INSTRUCTIONS TO FOLLOW: Pictures must be kept out of the copy. Every entry is to be duplicated exactly.

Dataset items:

○ ○ ○ ○

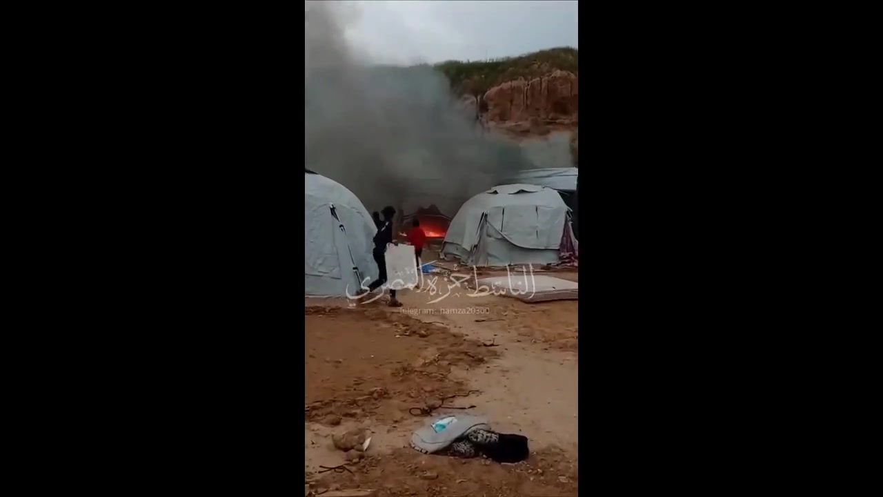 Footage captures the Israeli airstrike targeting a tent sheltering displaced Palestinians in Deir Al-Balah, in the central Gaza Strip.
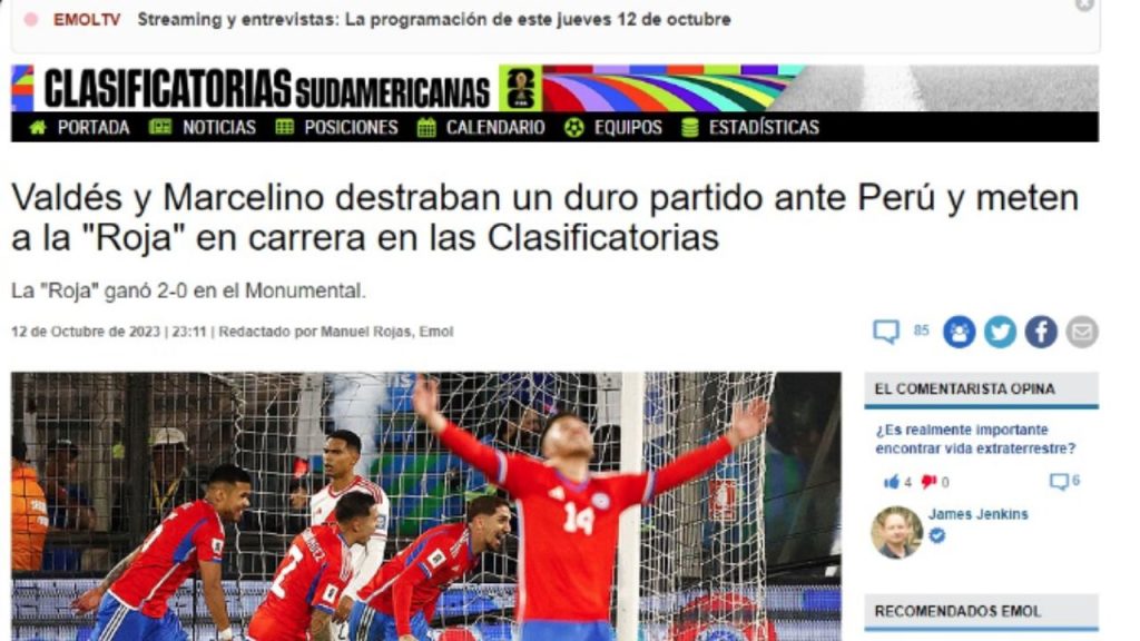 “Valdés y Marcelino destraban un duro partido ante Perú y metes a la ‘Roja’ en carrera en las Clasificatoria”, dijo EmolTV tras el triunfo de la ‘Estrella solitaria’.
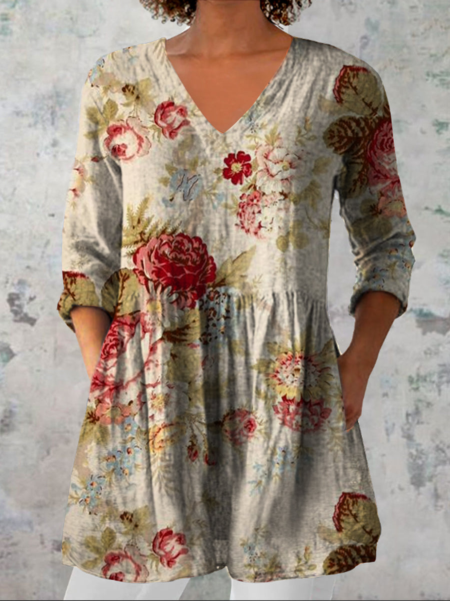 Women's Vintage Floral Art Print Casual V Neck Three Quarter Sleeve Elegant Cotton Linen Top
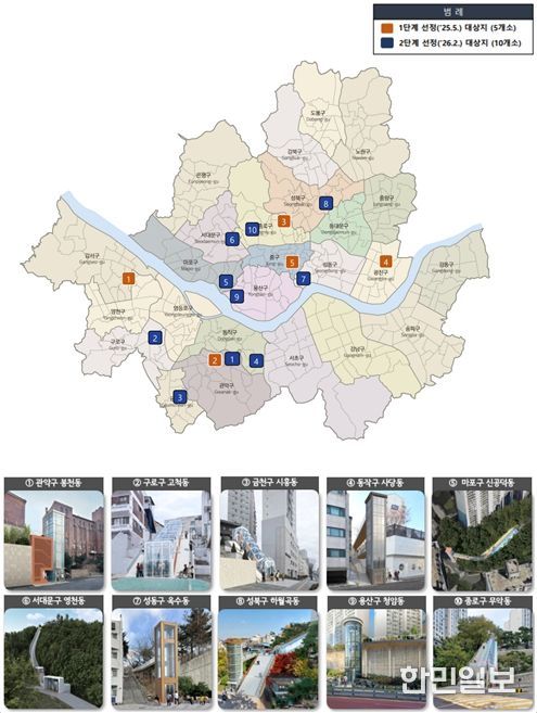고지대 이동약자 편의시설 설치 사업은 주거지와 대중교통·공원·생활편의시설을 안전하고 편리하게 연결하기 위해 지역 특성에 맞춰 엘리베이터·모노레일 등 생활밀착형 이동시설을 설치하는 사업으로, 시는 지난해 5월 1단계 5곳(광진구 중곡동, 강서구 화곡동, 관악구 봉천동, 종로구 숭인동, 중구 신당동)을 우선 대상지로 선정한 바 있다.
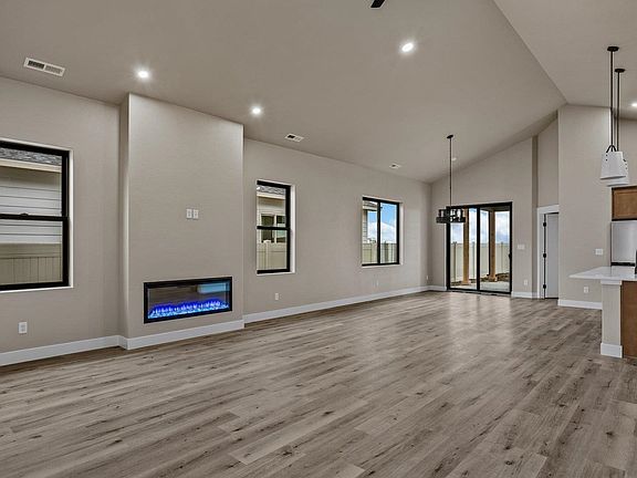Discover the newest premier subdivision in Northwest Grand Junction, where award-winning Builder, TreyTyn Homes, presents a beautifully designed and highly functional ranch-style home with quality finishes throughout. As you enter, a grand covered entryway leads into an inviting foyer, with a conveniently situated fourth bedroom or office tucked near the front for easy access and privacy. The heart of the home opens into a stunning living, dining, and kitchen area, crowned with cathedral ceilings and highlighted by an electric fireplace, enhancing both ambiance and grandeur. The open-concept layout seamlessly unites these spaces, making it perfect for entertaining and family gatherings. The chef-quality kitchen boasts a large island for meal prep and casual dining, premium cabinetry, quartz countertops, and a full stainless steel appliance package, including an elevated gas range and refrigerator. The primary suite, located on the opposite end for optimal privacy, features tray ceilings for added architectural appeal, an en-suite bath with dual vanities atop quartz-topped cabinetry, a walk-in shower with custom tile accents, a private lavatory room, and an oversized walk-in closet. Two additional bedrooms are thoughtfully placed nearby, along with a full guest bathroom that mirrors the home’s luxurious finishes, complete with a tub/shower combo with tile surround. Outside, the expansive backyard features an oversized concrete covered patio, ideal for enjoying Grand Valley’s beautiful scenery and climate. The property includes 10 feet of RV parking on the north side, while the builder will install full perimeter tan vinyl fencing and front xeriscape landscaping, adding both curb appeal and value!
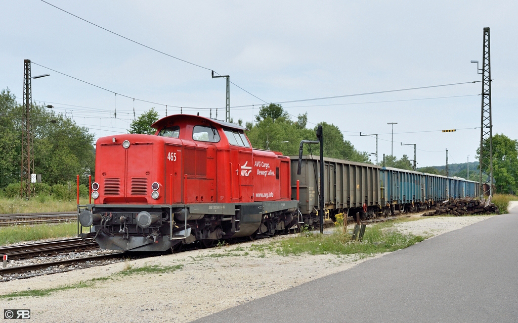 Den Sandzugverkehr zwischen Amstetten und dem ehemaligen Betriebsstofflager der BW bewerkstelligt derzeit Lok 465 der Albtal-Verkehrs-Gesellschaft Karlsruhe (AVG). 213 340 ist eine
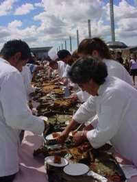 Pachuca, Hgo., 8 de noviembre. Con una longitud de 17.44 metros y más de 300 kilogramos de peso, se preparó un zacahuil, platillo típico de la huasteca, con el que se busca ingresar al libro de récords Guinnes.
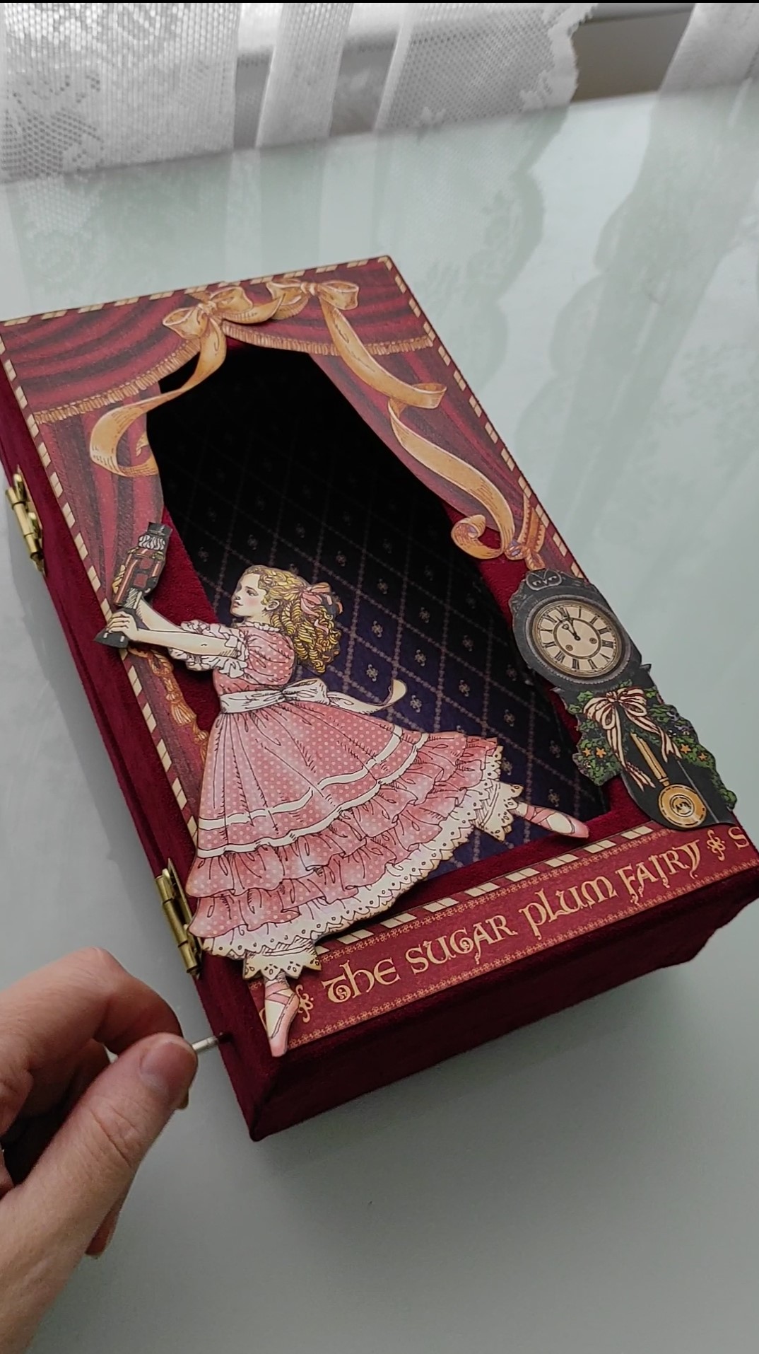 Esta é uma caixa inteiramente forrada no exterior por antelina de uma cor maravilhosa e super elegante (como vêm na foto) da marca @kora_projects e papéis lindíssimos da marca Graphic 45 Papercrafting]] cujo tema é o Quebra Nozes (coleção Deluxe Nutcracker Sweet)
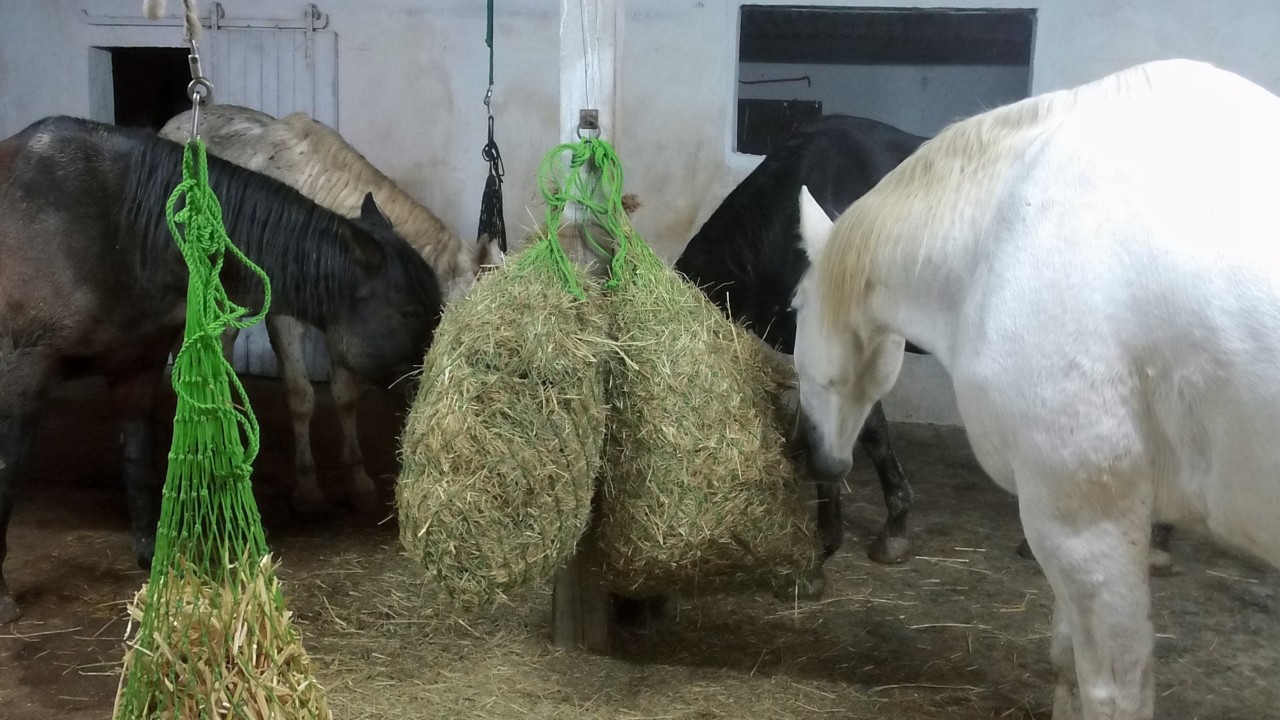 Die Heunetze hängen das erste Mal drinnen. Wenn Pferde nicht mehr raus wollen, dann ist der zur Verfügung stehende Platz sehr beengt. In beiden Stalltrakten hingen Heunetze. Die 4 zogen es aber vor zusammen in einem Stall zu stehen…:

○ ○ ○ ○

ANSWER SECTION:
 Footage captures the Israeli airstrike targeting a tent sheltering displaced Palestinians in Deir Al-Balah, in the central Gaza Strip.
 “Valdés y Marcelino destraban un duro partido ante Perú y metes a la ‘Roja’ en carrera en las Clasificatoria”, dijo EmolTV tras el triunfo de la ‘Estrella solitaria’.
 Women's Vintage Floral Art Print Casual V Neck Three Quarter Sleeve Elegant Cotton Linen Top
고지대 이동약자 편의시설 설치 사업은 주거지와 대중교통·공원·생활편의시설을 안전하고 편리하게 연결하기 위해 지역 특성에 맞춰 엘리베이터·모노레일 등 생활밀착형 이동시설을 설치하는 사업으로, 시는 지난해 5월 1단계 5곳(광진구 중곡동, 강서구 화곡동, 관악구 봉천동, 종로구 숭인동, 중구 신당동)을 우선 대상지로 선정한 바 있다.
Discover the newest premier subdivision in Northwest Grand Junction, where award-winning Builder, TreyTyn Homes, presents a beautifully designed and highly functional ranch-style home with quality finishes throughout. As you enter, a grand covered entryway leads into an inviting foyer, with a conveniently situated fourth bedroom or office tucked near the front for easy access and privacy. The heart of the home opens into a stunning living, dining, and kitchen area, crowned with cathedral ceilings and highlighted by an electric fireplace, enhancing both ambiance and grandeur. The open-concept layout seamlessly unites these spaces, making it perfect for entertaining and family gatherings. The chef-quality kitchen boasts a large island for meal prep and casual dining, premium cabinetry, quartz countertops, and a full stainless steel appliance package, including an elevated gas range and refrigerator. The primary suite, located on the opposite end for optimal privacy, features tray ceilings for added architectural appeal, an en-suite bath with dual vanities atop quartz-topped cabinetry, a walk-in shower with custom tile accents, a private lavatory room, and an oversized walk-in closet. Two additional bedrooms are thoughtfully placed nearby, along with a full guest bathroom that mirrors the home’s luxurious finishes, complete with a tub/shower combo with tile surround. Outside, the expansive backyard features an oversized concrete covered patio, ideal for enjoying Grand Valley’s beautiful scenery and climate. The property includes 10 feet of RV parking on the north side, while the builder will install full perimeter tan vinyl fencing and front xeriscape landscaping, adding both curb appeal and value!
 Den Sandzugverkehr zwischen Amstetten und dem ehemaligen Betriebsstofflager der BW bewerkstelligt derzeit Lok 465 der Albtal-Verkehrs-Gesellschaft Karlsruhe (AVG). 213 340 ist eine
 Pachuca, Hgo., 8 de noviembre. Con una longitud de 17.44 metros y más de 300 kilogramos de peso, se preparó un zacahuil, platillo típico de la huasteca, con el que se busca ingresar al libro de récords Guinnes.
 Esta é uma caixa inteiramente forrada no exterior por antelina de uma cor maravilhosa e super elegante (como vêm na foto) da marca @kora_projects e papéis lindíssimos da marca Graphic 45 Papercrafting]] cujo tema é o Quebra Nozes (coleção Deluxe Nutcracker Sweet)
 Die Heunetze hängen das erste Mal drinnen. Wenn Pferde nicht mehr raus wollen, dann ist der zur Verfügung stehende Platz sehr beengt. In beiden Stalltrakten hingen Heunetze. Die 4 zogen es aber vor zusammen in einem Stall zu stehen…:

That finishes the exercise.